● Given records:
* * * * * * * * *

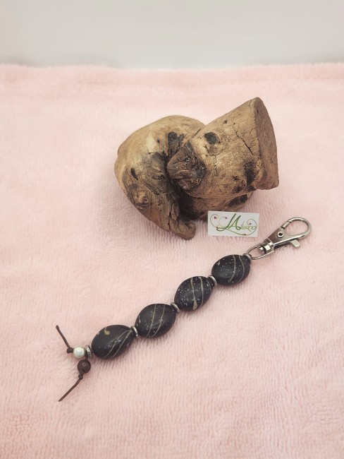 Porte clefs 4 perles marron en céramique
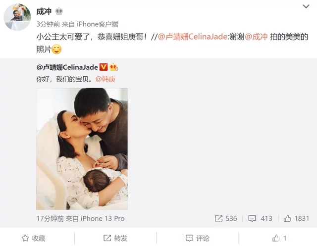 照片中,韓庚握著新生兒的手,笑容滿面地看著孩子,而妻子盧靖姍則抬頭親吻老公的臉頰,真是隔著屏幕都能感受到有多甜。
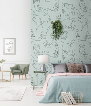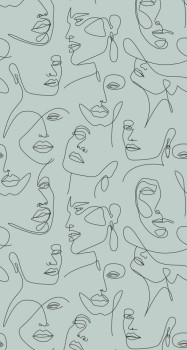 Fototapete mit Gesichtsmotiv. 3 Tapetenpaneele. Die Tapete hat ein durchgehendes Muster, für eine größere Breite einfach ein weiteres Stück kaufen.
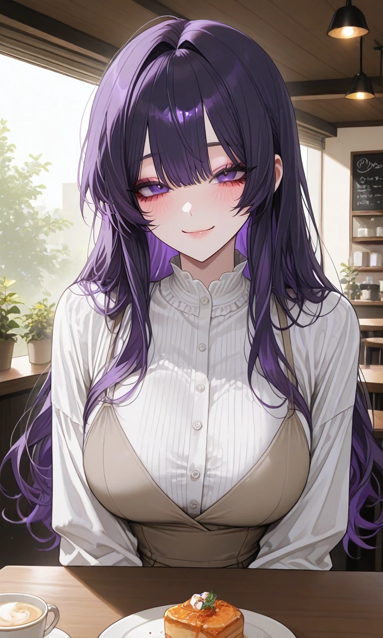 살짝 몸을 앞으로 기울이며, 테이블 위에 턱을 괸다. 자주빛 머리카락이 어깨 위로 흘러내린다.
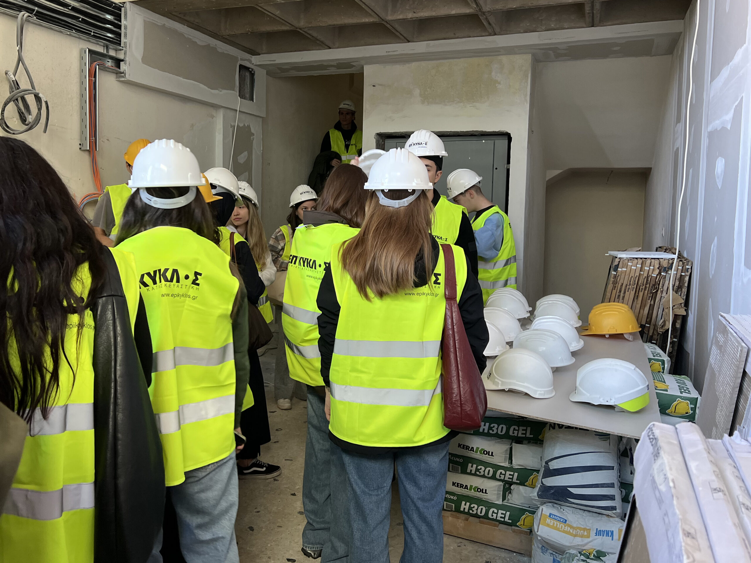 Στις δύο ομάδες σπουδαστών, μίλησαν η αρχιτέκτονας μηχανικός του έργου, Έλενα Κουτσοπούλου, και ο πολιτικός μηχανικός και υπεύθυνος εργοταξίων της ΕΠΙΚΥΚΛΟΣ, Φώτης Κακαρούμπας.
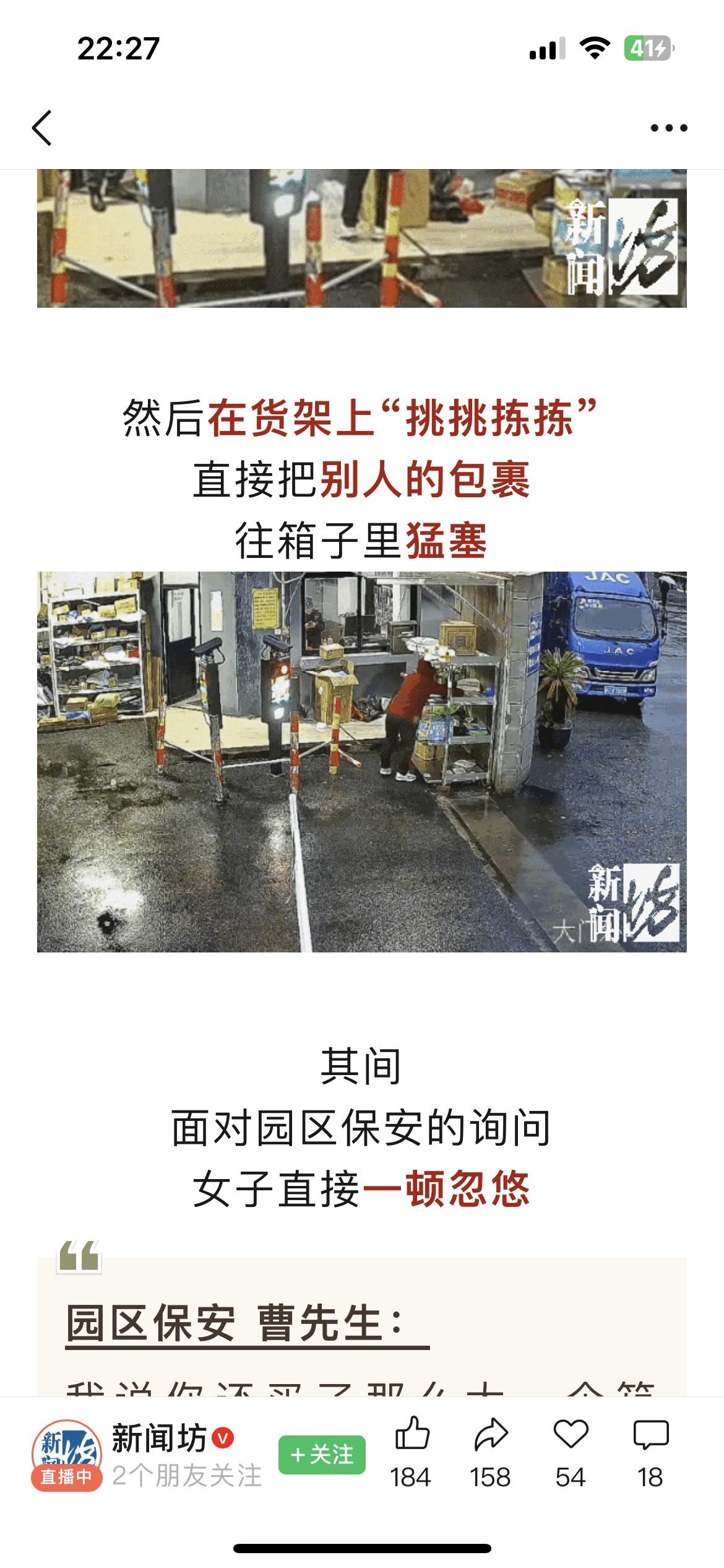 上海一女子偷 30 件快递寄回老家,在一快递站点被识破,报警被抓。事情发生于 3 月 18 日,上海彭越浦路一园区,女子黄某来到门口的快递站,直接拆开了一个行李箱,不紧不慢的找快递放到行李箱里,前前后后找了 30 个快递,旁边的保安很奇怪,询问女子是不是她的快递。女子说这是帮公司收的快递。 所有快递打包后,女子一个人拖不动,还找快递小哥借拖车,热心的快递小哥还帮忙打包装运。女子拖着这些快递快步来到另一处快递站点,准备把这些包裹发送回家给儿子用。 快递站点老板发现这些快递都完好无损,上面写的电话号码各式各样,起了疑心。悄悄的报警,警察赶过来抓住了黄某。发现她正是他们在调查的一起快递丢失案的主犯。这个女子真是愚蠢,到处都是摄像头,公然干这种偷鸡摸狗的事,怎么可能逃脱?
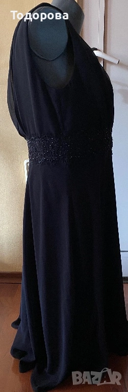 Тъмносиня рокля без ръкав, шифон, с подплата.
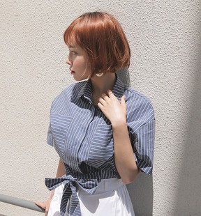 2015夏季新款韓國stylenanda 條紋蝴蝶結(jié)短款襯衫N99 /
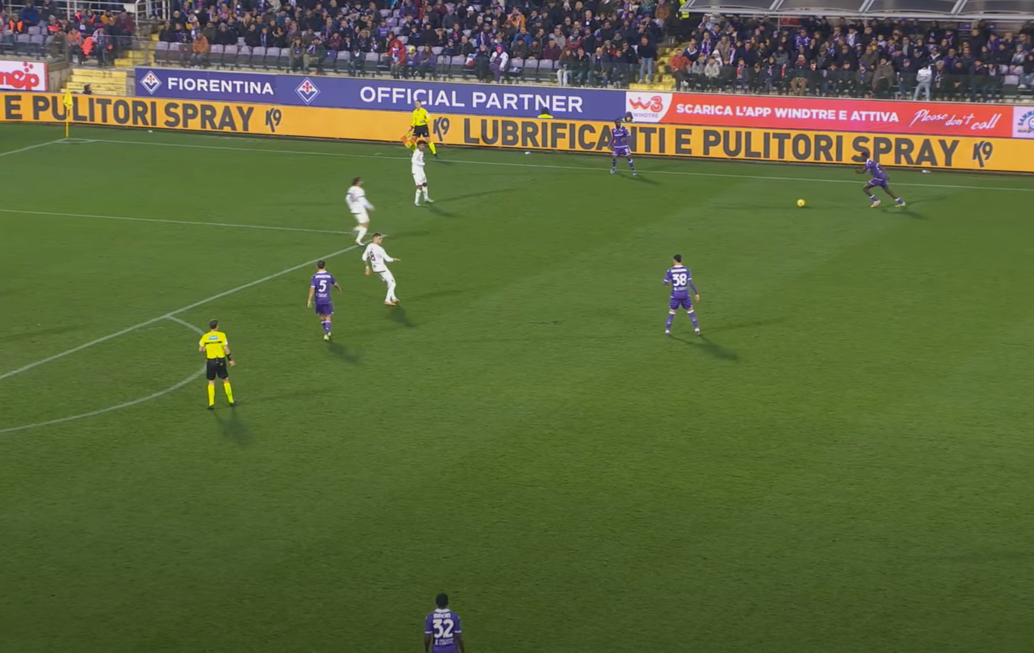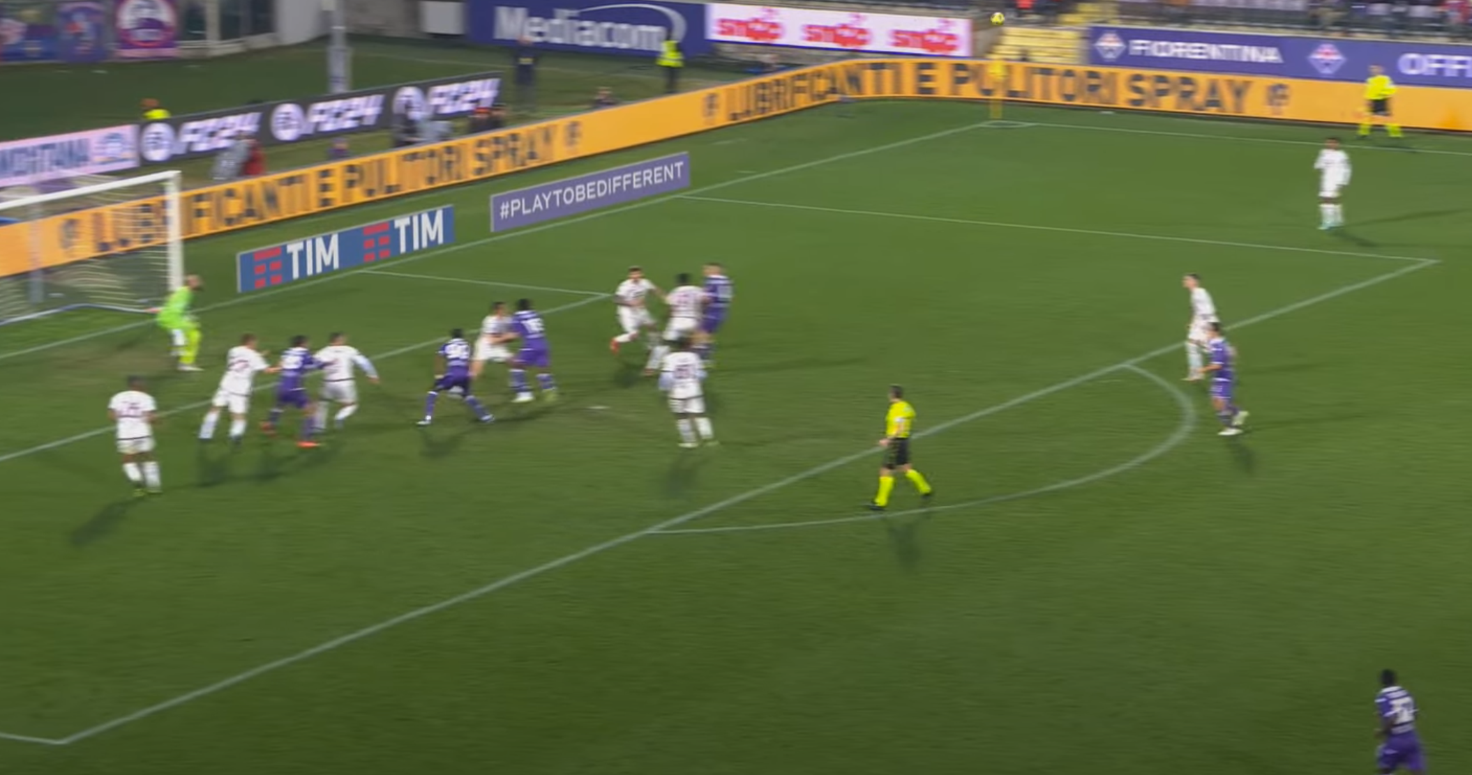 La Fiorentina al minuto 83 effettua una serie di cross che vengono respinti dalla difesa granata. All'ennesimo tentativo la palla arriva a destra a disposizione di Kayode, che viene lasciato liberissimo (e non è la prima volta durante la partita, visto che spesso si è ritrovato solissimo). Il laterale ha tutto il tempo di stoppare, prendere la rincorsa e calciare.

* * * * * * * * *

● Aim of the task: From the opening line of the entries above to the line that holds "살짝 몸을 앞으로 기울이며, 테이블", inclusive, reproduce each line exactly and omit any picture.

● Expected output:
 Porte clefs 4 perles marron en céramique
 照片中,韓庚握著新生兒的手,笑容滿面地看著孩子,而妻子盧靖姍則抬頭親吻老公的臉頰,真是隔著屏幕都能感受到有多甜。
 Fototapete mit Gesichtsmotiv. 3 Tapetenpaneele. Die Tapete hat ein durchgehendes Muster, für eine größere Breite einfach ein weiteres Stück kaufen.
 살짝 몸을 앞으로 기울이며, 테이블 위에 턱을 괸다. 자주빛 머리카락이 어깨 위로 흘러내린다.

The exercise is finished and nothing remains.